When managed_by="system", CocoIndex creates the database, schema, and table if needed. Table changes use Snowflake DDL, and row changes use MERGE for upserts.
Rows
Once a TableTarget is resolved, declare rows to be upserted:
def TableTarget.declare_row(
self,
*,
row: RowT,
) -> None
Parameters:
row- A row object (dict, dataclass, NamedTuple, or Pydantic model). Must include all primary key columns.
Table schema: from Python class
Define the table structure using a Python class:
from dataclasses import dataclass
@dataclass
class ProductRow:
id: str
name: str
price: float
metadata: dict[str, object]
schema = await snowflake.TableSchema.from_class(
ProductRow,
primary_key=["id"],
)
Python types are automatically mapped to Snowflake column types:
| Python Type | Snowflake Type |
|---|---|
bool | BOOLEAN |
int | NUMBER |
float | FLOAT |
decimal.Decimal | NUMBER |
str | VARCHAR |
bytes | BINARY |
uuid.UUID | VARCHAR |
datetime.date | DATE |
datetime.time | TIME |
datetime.datetime | TIMESTAMP_TZ |
datetime.timedelta | NUMBER |
list, dict, nested structs | VARIANT |
VARIANT values are JSON-serialized and written with PARSE_JSON.
SnowflakeType
Use SnowflakeType to specify a custom Snowflake type and optional encoder:
from dataclasses import dataclass
from typing import Annotated
from cocoindex.connectors.snowflake import SnowflakeType
@dataclass
class ProductRow:
id: Annotated[int, SnowflakeType("NUMBER(38, 0)")]

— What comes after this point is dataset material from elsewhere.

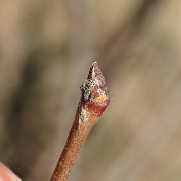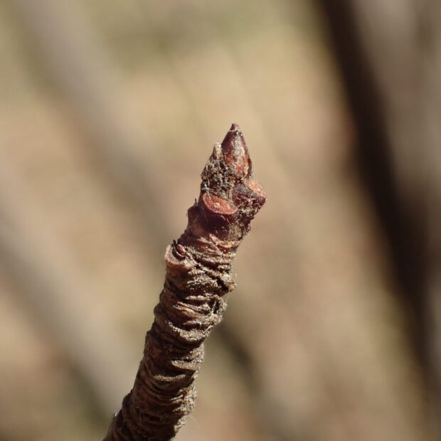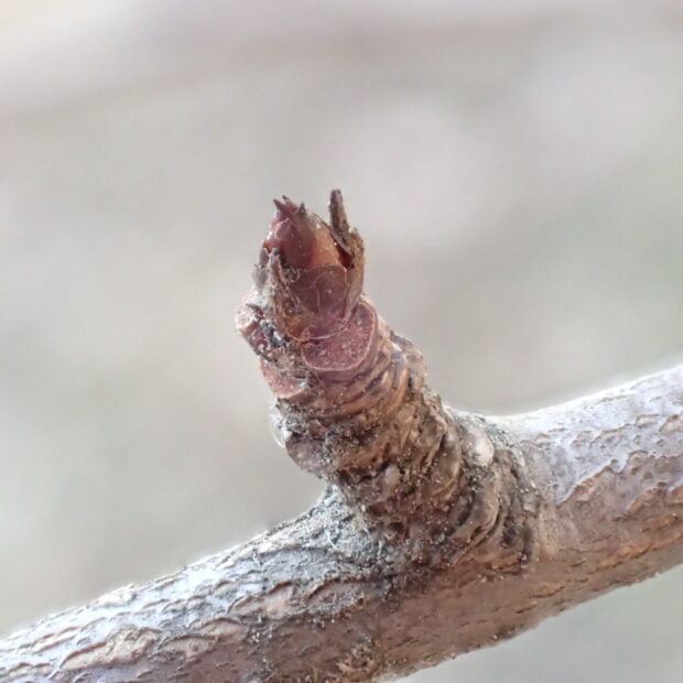 先がとがり、 小さくて赤褐色の芽です。 この色と、 葉痕がぎゅぎゅっと集まった短枝が目印。 茶色っぽい葉痕の維管束痕は3つなので、 ルーペでよく見ると小さなお顔が見えます。

embedding: Annotated[list[float], SnowflakeType("ARRAY")]
You can also pass column_overrides when constructing the schema:
schema = await snowflake.TableSchema.from_class(
ProductRow,
primary_key=["id"],
column_overrides={
"id": snowflake.SnowflakeType("NUMBER(38, 0)"),
},
)
Example
from dataclasses import dataclass
@dataclass
class ProductRow:
id: str
name: str
price: float
metadata: dict[str, object]
async def declare_products(rows: list[ProductRow]) -> None:
table = await snowflake.mount_table_target(
SNOWFLAKE,
table_name="product_index",
table_schema=await snowflake.TableSchema.from_class(
ProductRow,
primary_key=["id"],
),
database="ANALYTICS",
schema="PUBLIC",
)
for row in rows:
table.declare_row(row=row)
See examples/snowflake_target for a runnable project.
Identifier handling
Database, schema, table, and column names must be simple Snowflake identifiers containing letters, numbers, and underscores, and must not start with a number. The connector quotes identifiers when generating SQL.